# Reos Mods - Do You Need Anything ?



## shabbar (1/7/14)

I will be ordering from Reos mods in a day or 2 , just finding out who needs anything ?

Shipping to be shared if possible

Reactions: Like 1


----------



## PeterHarris (1/7/14)

@soonkia 

from last time - just double check:
_"A subohm repair kit - but I can only pay you on Wednesday, so if that doesn't work for you, you can skip my request"_


----------



## PeterHarris (1/7/14)

from my side i'm all good thanks


----------



## Yiannaki (1/7/14)

Hey bud. I might be keen. Will pm you 

Sent from my SM-N9005 using Tapatalk


----------



## shabbar (1/7/14)

Shweet !!


----------



## Andre (1/7/14)

Thanks for the offer. I am always tempted, but shall wait for the new atomizers this time.

Reactions: Like 1


----------



## Yiannaki (1/7/14)

Andre said:


> Thanks for the offer. I am always tempted, but shall wait for the new atomizers this time.




Any indication when these will be available? 

Sent from my SM-N9005 using Tapatalk


----------



## shabbar (1/7/14)

Id like to know also ?

Reactions: Like 1


----------



## shabbar (1/7/14)

Then again I was perfectly happy with the rm2 . And the ceramic deck


----------



## Andre (1/7/14)

Yiannaki said:


> Any indication when these will be available?
> 
> Sent from my SM-N9005 using Tapatalk


@Rob Fisher said (said this last Thursday) within a week or so. So, cannot be too far away. Problem of course will be which one or two to chose as there is not much prior experience like the tried and trusted Reomizer. Maybe I shall wait to hear some reviews first, not sure.
http://www.e-cigarette-forum.com/forum/reos-mods/577376-atomizers-i-am-working.html

Reactions: Like 1


----------



## shabbar (1/7/14)

I think so too , can always do another group buy for the attys

Reactions: Like 1


----------



## Rooigevaar (1/7/14)

Some things I need but will have to wait for the next round, my budget is way over spent, at least I will be losing some weight this month, no more money for food... but at least the vape will be good!

Reactions: Like 1 | Funny 1


----------



## shabbar (1/7/14)

count me in for the next one !! will be needing that bf atomic ??


----------



## Andre (1/7/14)

shabbar said:


> count me in for the next one !! will be needing that bf atomic ??


Yip, also leaning towards that one.


----------



## MurderDoll (1/7/14)

Andre said:


> Yip, also leaning towards that one.





shabbar said:


> count me in for the next one !! will be needing that bf atomic ??

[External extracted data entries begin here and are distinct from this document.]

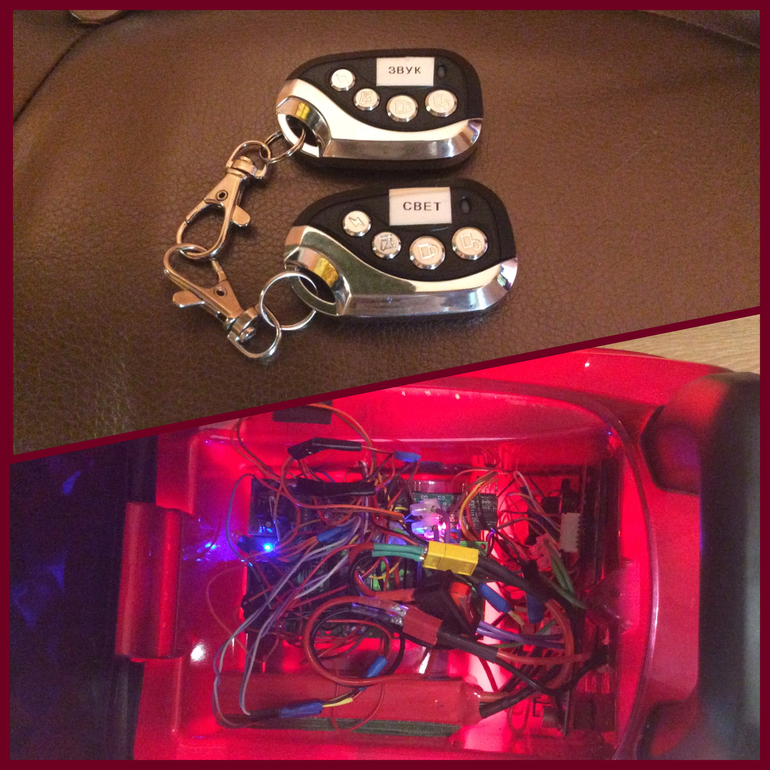 Свет и звук запускаются с двух брелоков. А провода спрятаны в богажник.
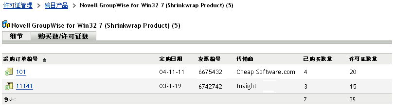 您可以查看购买记录的列表,编目产品就是从购买记录中提取购买的许可证数。
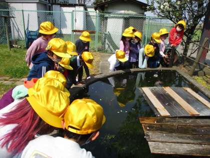 1年生 生活科の学習2 公開日 2022/04/21 更新日 2022/04/21 1年生 誰かが植えて、世話をした花ばかりではありません。ナズナやタンポポ、オオイヌノフグリ等の草花もたくさん見付けました。また、池には金魚がいました。また、小さなカエルが元気よくはねているのも見付けました。身近な自然に触れ、やさしい気持ちになりました。
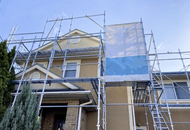 足場設置・養生を行い、周囲や近隣に配慮して工事を開始します。

Won't it be cheaper, quicker and easier to just mod one to BF?


----------



## Andre (1/7/14)

MurderDoll said:


> Won't it be cheaper, quicker and easier to just mod one to BF?

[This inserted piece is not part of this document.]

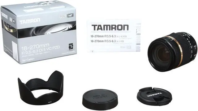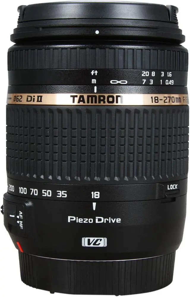 Compact and Easy to Carry 15X All-in-One Zoom with Outstanding Feature SetThe 18-270mm Di II VC PZD boasts the world’s highest zoom range at 15x magnification for a lens with its compact size and light weight (Current as of December 2010, Source: Tamron). At 15.9 ounces, measuring 3.8 inches in length (from mount face to the tip of the lens), and 2.9 inches in diameter with a filter diameter of Ø62mm, it’s a compact and easy-to-carry lens. Its minimum focal distance of 0.49m (19.3 in) through the entire zoom range and macro capability to 1:3.8 allows you to enjoy serious, high-quality macro photography with unaccustomed convenience.
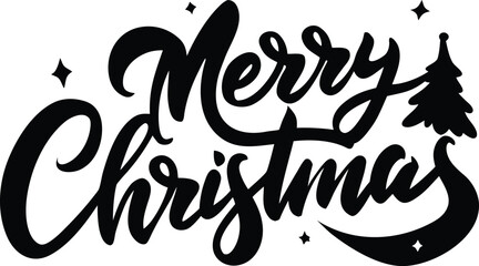Merry Christmas Brush Typography Black Silhouette on White, Black Silhouette of Merry Christmas Brush Lettering Vector Design

Yip, probably. But I do not have access to the required equipment. And would need to source an Atomic as well.

Reactions: Like 1 | Agree 1


----------



## shabbar (1/7/14)

By the looks of things is it only myself and @Yiannaki and @Mornat ?


----------



## Rob Fisher (1/7/14)

I have to say I think the Cyclone is the best bottom fed atty for the REO… it’s the one I use most of the time… I just love the way it so easy to pull off the top and change the wick!

Yes the Reomiser is great to build a coil for and the ceramic deck is awesome but the Cyclone is more forgiving for the over squonker and the simple pull off is such a huge win!

But of course when Rob does put the new bottom fed atty’s on the web site there is little doubt that I may try a couple of them! What I should do is wait for @Andre to test them first!


----------



## shabbar (1/7/14)

I would love to have a cyclone but they are so expensive !!!

This time round I'm going for the lp so once the other bf attys are out we can do a group buy ?

Rob when do you expect your Woodville back ?


----------



## Rob Fisher (1/7/14)

shabbar said:


> I would love to have a cyclone but they are so expensive !!!
> 
> This time round I'm going for the lp so once the other bf attys are out we can do a group buy ?
> 
> Rob when do you expect your Woodville back ?


 
It's gonna be sometime @shabbar! It only left yesterday and it will take about 2 weeks to get there and then it has to get a makeover... so I guess in a months time.


----------